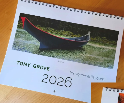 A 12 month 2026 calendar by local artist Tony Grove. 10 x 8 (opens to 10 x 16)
++++++
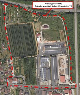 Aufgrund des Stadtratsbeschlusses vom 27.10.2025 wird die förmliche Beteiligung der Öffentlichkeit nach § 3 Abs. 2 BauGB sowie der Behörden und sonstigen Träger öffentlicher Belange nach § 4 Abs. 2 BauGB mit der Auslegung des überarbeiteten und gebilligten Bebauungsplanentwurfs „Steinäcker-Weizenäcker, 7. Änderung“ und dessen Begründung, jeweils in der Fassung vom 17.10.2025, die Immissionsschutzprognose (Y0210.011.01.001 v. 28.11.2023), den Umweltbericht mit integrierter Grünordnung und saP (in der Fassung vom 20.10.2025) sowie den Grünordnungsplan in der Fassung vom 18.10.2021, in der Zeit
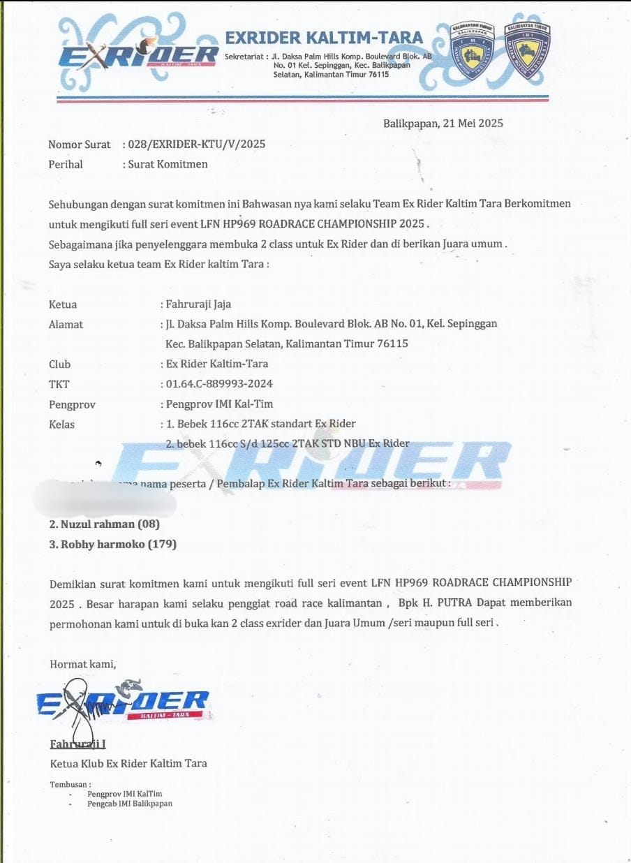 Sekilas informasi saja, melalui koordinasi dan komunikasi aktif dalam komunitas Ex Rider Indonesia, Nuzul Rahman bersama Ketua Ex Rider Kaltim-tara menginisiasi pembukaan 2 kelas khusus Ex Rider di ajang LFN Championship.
++++++
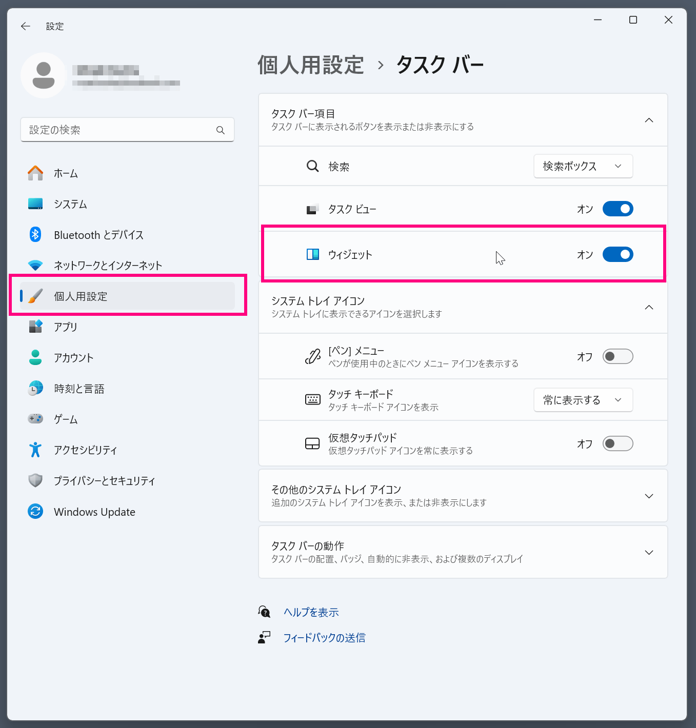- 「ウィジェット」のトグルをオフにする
++++++
■ TO DO ■
Only one stretch of the listing above is to be duplicated: the lines from the one containing "Aufgrund des Stadtratsbeschlusses" through the one containing "Sekilas informasi saja, melalui", both included. Copy them exactly, minus the pictures.

■ EXERCISE ANSWER ■
 Aufgrund des Stadtratsbeschlusses vom 27.10.2025 wird die förmliche Beteiligung der Öffentlichkeit nach § 3 Abs. 2 BauGB sowie der Behörden und sonstigen Träger öffentlicher Belange nach § 4 Abs. 2 BauGB mit der Auslegung des überarbeiteten und gebilligten Bebauungsplanentwurfs „Steinäcker-Weizenäcker, 7. Änderung“ und dessen Begründung, jeweils in der Fassung vom 17.10.2025, die Immissionsschutzprognose (Y0210.011.01.001 v. 28.11.2023), den Umweltbericht mit integrierter Grünordnung und saP (in der Fassung vom 20.10.2025) sowie den Grünordnungsplan in der Fassung vom 18.10.2021, in der Zeit
 Sekilas informasi saja, melalui koordinasi dan komunikasi aktif dalam komunitas Ex Rider Indonesia, Nuzul Rahman bersama Ketua Ex Rider Kaltim-tara menginisiasi pembukaan 2 kelas khusus Ex Rider di ajang LFN Championship.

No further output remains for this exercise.